▶ Activity:
Only one stretch of the data is wanted: the line containing "Summer Graduation ..... 15", the line containing "The project has", and every line between them, copied exactly.

▶ Data extracts:

━━━━━━━━━━

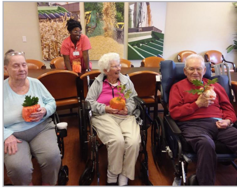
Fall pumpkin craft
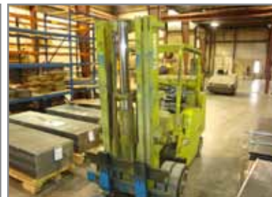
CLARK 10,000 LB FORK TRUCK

━━━━━━━━━━

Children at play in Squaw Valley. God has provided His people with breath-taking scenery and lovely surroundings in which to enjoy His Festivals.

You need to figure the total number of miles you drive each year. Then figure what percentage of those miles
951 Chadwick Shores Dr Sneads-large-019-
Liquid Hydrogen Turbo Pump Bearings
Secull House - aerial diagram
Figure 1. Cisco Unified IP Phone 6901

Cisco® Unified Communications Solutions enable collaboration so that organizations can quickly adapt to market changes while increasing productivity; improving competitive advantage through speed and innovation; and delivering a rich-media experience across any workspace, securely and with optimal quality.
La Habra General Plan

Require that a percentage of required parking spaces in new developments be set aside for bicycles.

━━━━━━━━━━

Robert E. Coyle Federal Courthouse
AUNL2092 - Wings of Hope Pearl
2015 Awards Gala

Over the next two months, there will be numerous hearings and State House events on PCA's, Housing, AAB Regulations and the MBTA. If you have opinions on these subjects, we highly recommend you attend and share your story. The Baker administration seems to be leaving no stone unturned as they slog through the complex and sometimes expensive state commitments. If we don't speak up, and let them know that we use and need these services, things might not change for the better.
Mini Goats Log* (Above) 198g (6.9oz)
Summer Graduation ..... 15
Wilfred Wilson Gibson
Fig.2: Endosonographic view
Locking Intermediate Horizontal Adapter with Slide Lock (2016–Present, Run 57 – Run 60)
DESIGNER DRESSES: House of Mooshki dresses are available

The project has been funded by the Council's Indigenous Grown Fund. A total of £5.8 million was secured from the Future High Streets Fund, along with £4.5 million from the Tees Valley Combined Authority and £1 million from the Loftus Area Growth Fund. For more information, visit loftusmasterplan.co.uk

━━━━━━━━━━

▶ Answer area:
Summer Graduation ..... 15
Wilfred Wilson Gibson
Fig.2: Endosonographic view
Locking Intermediate Horizontal Adapter with Slide Lock (2016–Present, Run 57 – Run 60)
DESIGNER DRESSES: House of Mooshki dresses are available

The project has been funded by the Council's Indigenous Grown Fund. A total of £5.8 million was secured from the Future High Streets Fund, along with £4.5 million from the Tees Valley Combined Authority and £1 million from the Loftus Area Growth Fund. For more information, visit loftusmasterplan.co.uk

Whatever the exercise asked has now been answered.